Extracted records |
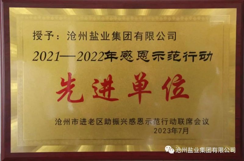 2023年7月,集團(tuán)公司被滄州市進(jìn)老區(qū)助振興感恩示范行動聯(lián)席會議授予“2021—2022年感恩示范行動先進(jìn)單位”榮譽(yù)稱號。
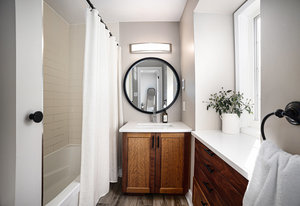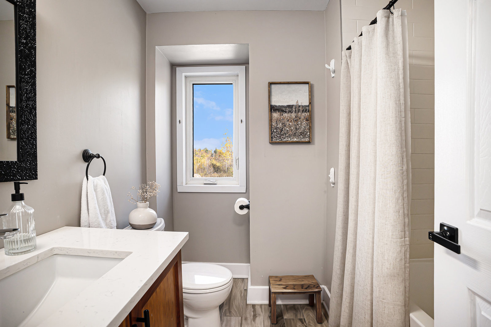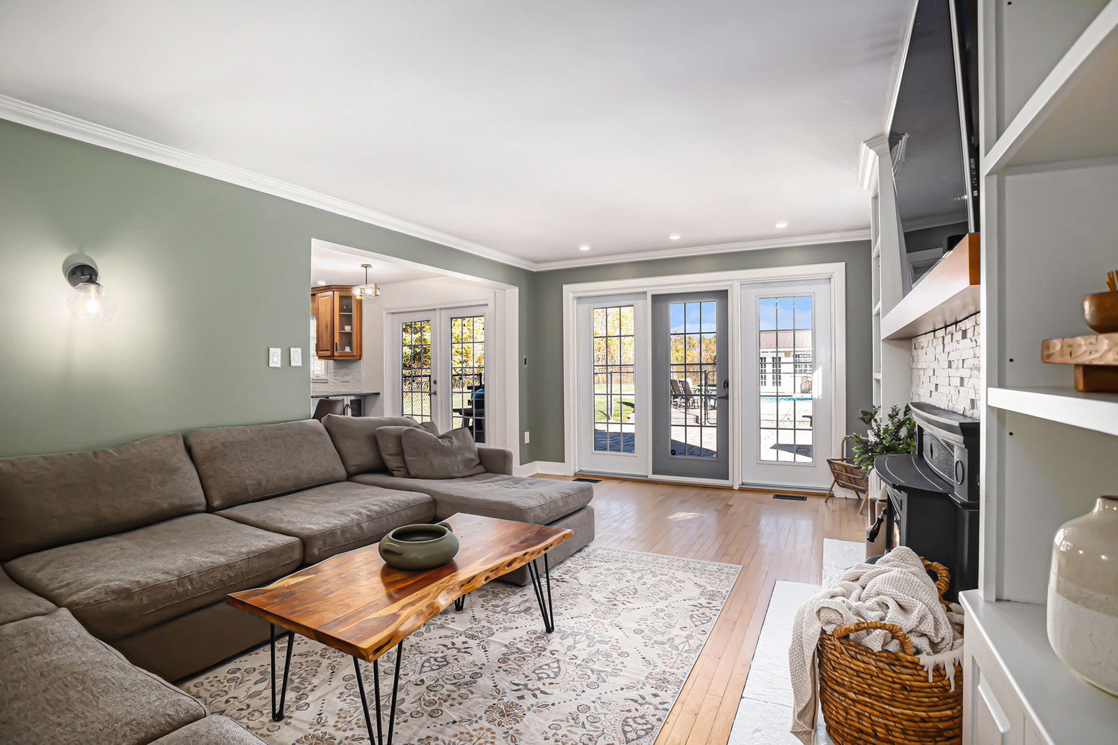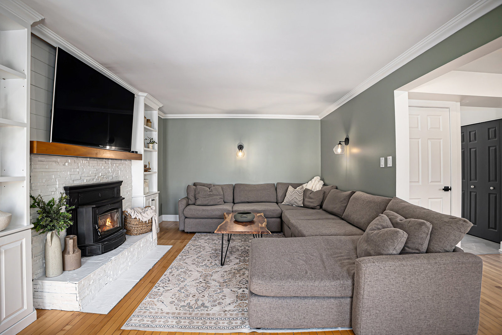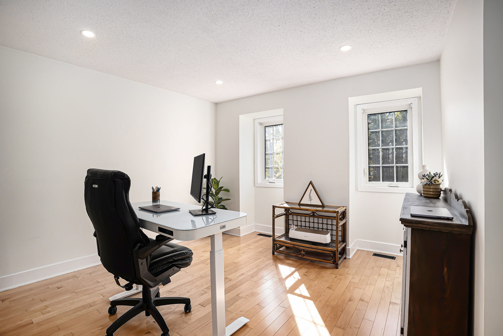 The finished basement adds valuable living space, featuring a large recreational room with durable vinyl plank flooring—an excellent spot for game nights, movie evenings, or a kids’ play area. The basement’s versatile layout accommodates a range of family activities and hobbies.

---

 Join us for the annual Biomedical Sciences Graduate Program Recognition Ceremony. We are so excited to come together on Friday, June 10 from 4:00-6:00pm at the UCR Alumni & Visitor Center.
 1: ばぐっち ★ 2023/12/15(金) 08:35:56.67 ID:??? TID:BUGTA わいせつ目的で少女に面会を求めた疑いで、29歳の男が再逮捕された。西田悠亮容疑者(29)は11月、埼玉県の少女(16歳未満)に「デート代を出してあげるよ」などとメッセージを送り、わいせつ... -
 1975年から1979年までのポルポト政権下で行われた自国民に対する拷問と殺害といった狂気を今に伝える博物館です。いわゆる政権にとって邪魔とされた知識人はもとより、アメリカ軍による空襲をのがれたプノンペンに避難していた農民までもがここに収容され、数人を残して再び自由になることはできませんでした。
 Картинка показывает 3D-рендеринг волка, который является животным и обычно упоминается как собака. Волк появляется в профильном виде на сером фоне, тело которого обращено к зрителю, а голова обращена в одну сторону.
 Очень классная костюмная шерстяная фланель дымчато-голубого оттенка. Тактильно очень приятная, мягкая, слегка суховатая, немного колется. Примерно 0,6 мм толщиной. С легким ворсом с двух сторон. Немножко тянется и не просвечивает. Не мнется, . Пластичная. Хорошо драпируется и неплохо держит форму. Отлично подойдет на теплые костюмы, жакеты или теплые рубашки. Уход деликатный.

Instructions for the task | Look above for the line containing "2023年7月,集團(tuá", then write out every line from there down to the line containing "The finished basement", that line included, with no pictures.

Result below |
 2023年7月,集團(tuán)公司被滄州市進(jìn)老區(qū)助振興感恩示范行動聯(lián)席會議授予“2021—2022年感恩示范行動先進(jìn)單位”榮譽(yù)稱號。
 The finished basement adds valuable living space, featuring a large recreational room with durable vinyl plank flooring—an excellent spot for game nights, movie evenings, or a kids’ play area. The basement’s versatile layout accommodates a range of family activities and hobbies.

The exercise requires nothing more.